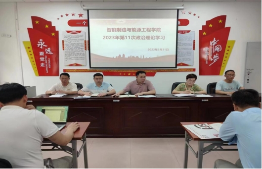 531日下午,申博sunbet在仙女湖校区B104会议室召开第11次政治理论学习会,会议由公司党总支书记范向红主持,经理史洪松、副经理彭秋梅以及全体教师参加了此次会议。
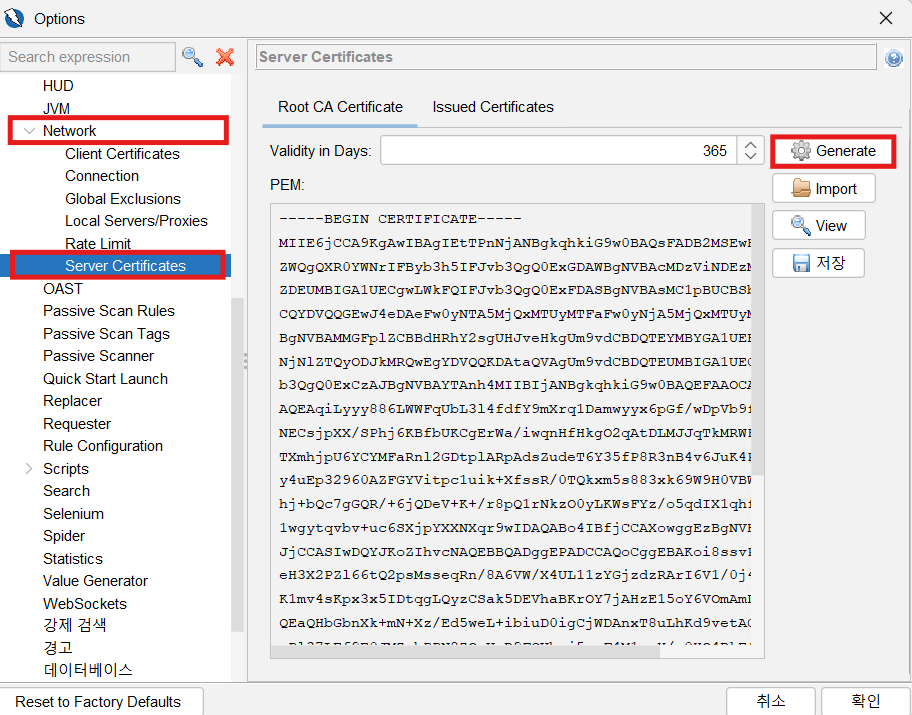 ZAP 접속 > Tools > Options > Network(Server Cerficitaes) > Generate
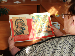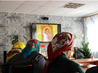Вниманию жителей дома-интерната был представлен фильм «Казанская икона Божией Матери», рассказывающий об истории перемещений этой святыни по Руси и о чудесах, сотворимых ею. В память чудесного освобождения Москвы во второй четверти 17 века на Красной площади был воздвигнут прекрасный Казанский собор, а спустя два века был установлен памятник героям-освободителям Кузьме Минину и Дмитрию Пожарскому.
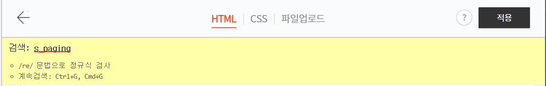CTRL + F 단축키를 눌러 검색어로 s_paging를 검색하여 찾아간다.

-------

> Instructions to follow:
Restate the listing above word for word. Leave the images out.

> The completed task:
 531日下午,申博sunbet在仙女湖校区B104会议室召开第11次政治理论学习会,会议由公司党总支书记范向红主持,经理史洪松、副经理彭秋梅以及全体教师参加了此次会议。
 ZAP 접속 > Tools > Options > Network(Server Cerficitaes) > Generate
Вниманию жителей дома-интерната был представлен фильм «Казанская икона Божией Матери», рассказывающий об истории перемещений этой святыни по Руси и о чудесах, сотворимых ею. В память чудесного освобождения Москвы во второй четверти 17 века на Красной площади был воздвигнут прекрасный Казанский собор, а спустя два века был установлен памятник героям-освободителям Кузьме Минину и Дмитрию Пожарскому.
CTRL + F 단축키를 눌러 검색어로 s_paging를 검색하여 찾아간다.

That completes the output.